Hand pick Colorado potato beetles and their orange-colored eggs from your radishes. Moving the radish plot yearly won't keep these pests at bay because they can fly long distances. If you have trouble with Colorado potato beetles, consider planting radishes only every other year.

Cucumber Beetle

Keep these beetles from ever finding your cukes by using row covers, cultivating the soil, and planting resistant varieties, or plant "trap crops" a few weeks before your actual crop. Any pests will be attracted to the first crop, which you can then destroy if necessary. Not only do these pests eat the roots, stems, leaves, and fruits of your plants, they also carry diseases like bacterial wilt and squash mosaic virus. Prevent the spread of these diseases by removing the affected plants.

Cutworms

The term cutworm refers to the larvae of certain types of moths. Cutworms chew away at your plants eventually "cutting" them down. Again, prevention is key. Cultivate the soil well, rotate your crops, and use paper collars around the plant. When you find cutworms, remove them from your garden.

Mexican Bean Beetle

Clean up plant debris at the end of the growing season. Place floating covers over seedlings and check leaves for masses of yellowish eggs. Hand pick adult Mexican bean beetles.

Squash Vine Borer

Place cheesecloth around the base of your squash plant to prevent these pests from burrowing into the stem, which will cause your plant to rot and wilt.
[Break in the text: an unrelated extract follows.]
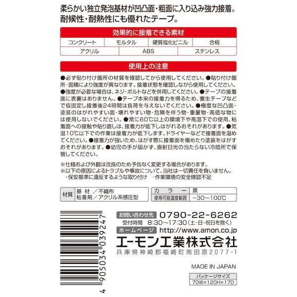 【商品説明】●すぐ付く●凹凸追従性が良い●パッキンとして止水に使える(密着性が高い) 【仕様】・サイズ:幅10mm×長さ1m 厚さ1.0mm・使用温度範囲:-30~100℃・カラー:黒・材質:基材/不織布 粘着剤/アクリル系【効果的に接着できる素材】コンクリート・モルタル・硬質塩化ビニル・合板・アクリル・ABS・ステンレス【内容物】・強力両面テープ:1巻
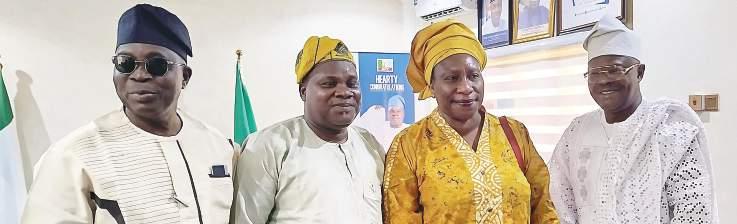 L-R: Former Coordinator, World Bank/ Member, Support Group for IYABO, Mr. Oluwatiyin Jokosenumi; Director, Administration, APC, Mr. Ayoola Peter Olajolo; Ogun State, APC, Governorship Aspirant, Senator Iyabo Obasanjo and Deputy Director General, South West, APC Support Group, Amb. Adewale Adewumi, during the Aspirant awareness visit to the APC national headquarters in Abuja ... yesterday

If you find a hole where a squash vine borer has entered, slit the stem, remove the pest, and then cover the stem with soil.

Leaf Miner

The term "leaf miners" is used to refer to the larvae of many types of moths and flies, as well as some wasps and beetles (like the leaf miner beetle shown here) that eat the leaves of plants. Leaf miners can be fooled by "trap crops" (See the Cucumber Beetle description above). Remove affected leaves as you find them.

Slugs

Slugs and their eggs spend the winter in your soil, so prevent as many as possible from coming back next year by removing plant debris from your garden each year. You might choose to mulch around your plant with a gritty material like sand or set "traps" for the slugs overnight. Set out wooden boards and melon rinds and remove the slugs that hide under them early each morning.

Onion Smut

Onion smut is actually a fungus that affects the seedlings of onions. Black, blistery growths appear on the seedlings and the seedlings usually don't produce fruit. When the growths burst, spores are released into the soil, so if you experience onion smut, do not plant your onions in the same part of your garden next year.